21. NAV calculation on a daily basis is not necessary for redemption purposes because the Fund only allows investors to redeem annually, thus the Filer believes it would not be prejudicial to investors to allow the Fund to calculate its NAV twice monthly.
Each of the Decision Makers is satisfied that the test contained in the Legislation that provides the Decision Maker with the jurisdiction to make the Decision has been met.

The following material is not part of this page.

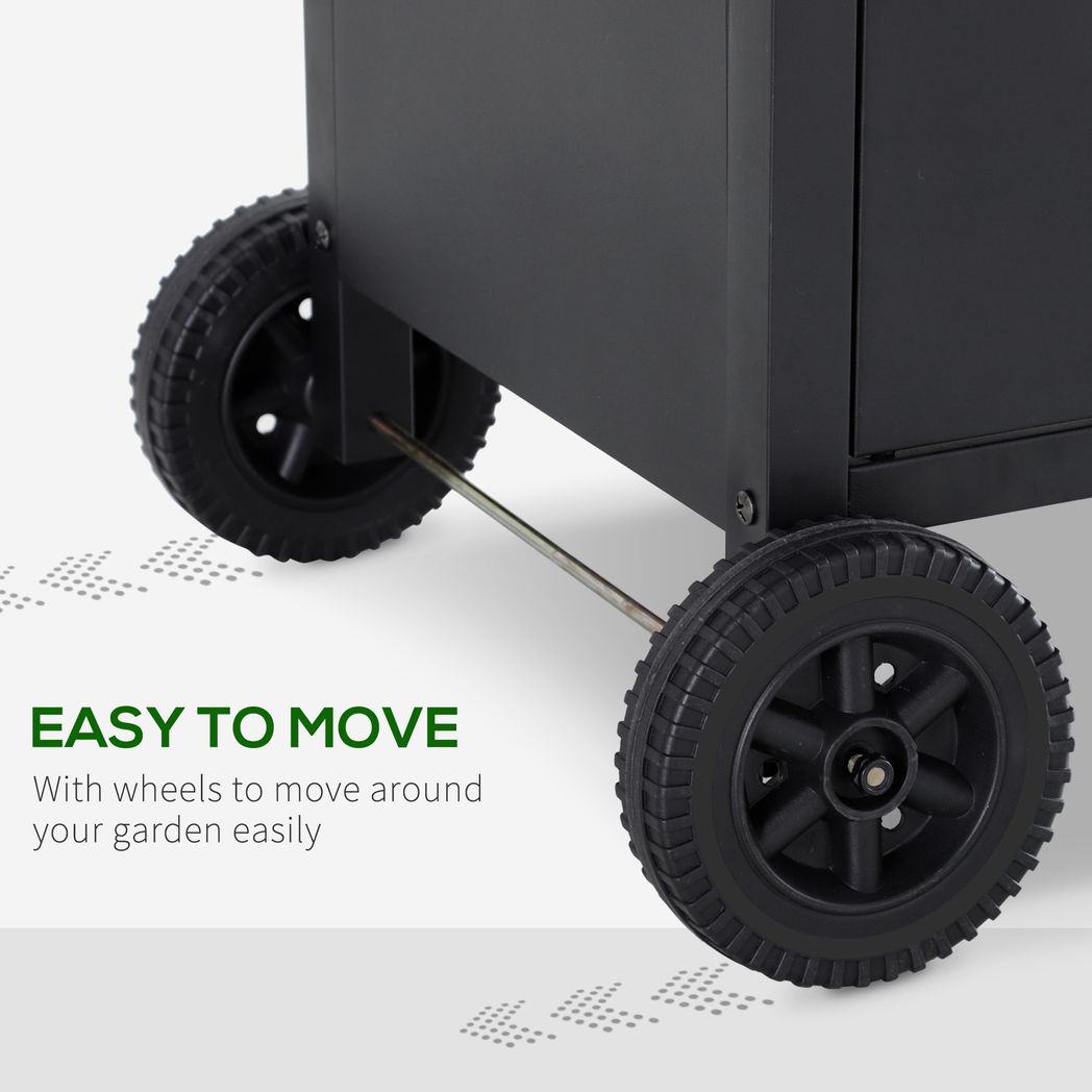 The 4 + 1 gas BBQ grill from Outsunny features 4 stainless steel burners and an aluminium side burner, ideal for outdoor barbecue parties. The lid design that helps preserve all the flavours. When preparing for your party, you can put all your grilling essentials and accessories within easy reach on the side tabletop or in the lower cupboard. Add the durable and safe BBQ and enjoy your cooking outdoors with complete peace of mind.
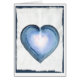 Dit schilderij van de waterverf is gemaakt op handgemaakt papier dat met de hand naar de juiste grootte is verscheurd om de textuur en kwaliteit van het papier te benadrukken. Het blauwe hart symboliseert een menselijk lichaam, waarin de donkere of dichte buitenlagen het licht van de ziel omhullen. Wanneer het binnenste zelf wakker wordt en opent voor verheven spirituele doelstellingen, kan het licht van boven het hart ingaan en het licht binnen verhogen. Hoewel de spirituele vooruitgang vaak uitdagende emoties kan brengen, kan het ook een zacht proces zijn, zoals aangetoond hier door het zachte witte licht dat in een dunne stroom van witte verf wordt geschilderd en de pastelkern van roze en bleek blauw binnen het donkere buitenhart.

The decision of the Decision Makers under the Legislation is that the Requested Relief is granted provided that:
1. In respect of the Disclosure Relief,
i. the Fund discloses in its Statement of Investment Portfolio,
(a) the cost amount for each Underlying Investment;
(b) the total aggregate cost of the Underlying Investments;
(c) the total adjustment from cost to current value for all Underlying Investments; and
(d) the total current value of the Underlying Investments;
ii. the Fund discloses in its Summary of Investment Portfolio, the top 25 positions of the Fund broken down as follows:
(a) the names of the Liquid Investments, the current value of each Liquid Investment expressed as a percentage of net assets of the Fund and the aggregate current value of the Liquid Investments expressed as a percentage of net assets of the Fund; and
(b) the names of the Underlying Investments and the aggregate current value of the Underlying Investments expressed as a percentage of net assets of the Fund;
iii. the Fund discloses in its Statement of Investment Portfolio the allocation of the Underlying Investments by industry class and by geographic region, in tabular form, including,
(a) the number of Underlying Investments in each industry class and geographic region;
(b) the total cost and aggregate current value of the Underlying Investments in each industry class and geographic region; and
(e) the total cost and aggregate current value of the Underlying Investments for each industry class and geographic region as a percentage of the NAV of the Fund; and
2. In respect of the NAV Calculation Relief, the Fund discloses in its prospectus:
(a) that the NAV calculation of the Fund is available to the public upon request; and
(b) a website that the public can access to obtain the NAV of the Fund;
for so long as:
(c) the Fund calculates its NAV at least twice monthly, (i) on the 15th day of each month, or if the 15th is not a business day, on the preceding business day, and (ii) on the last business day of each month.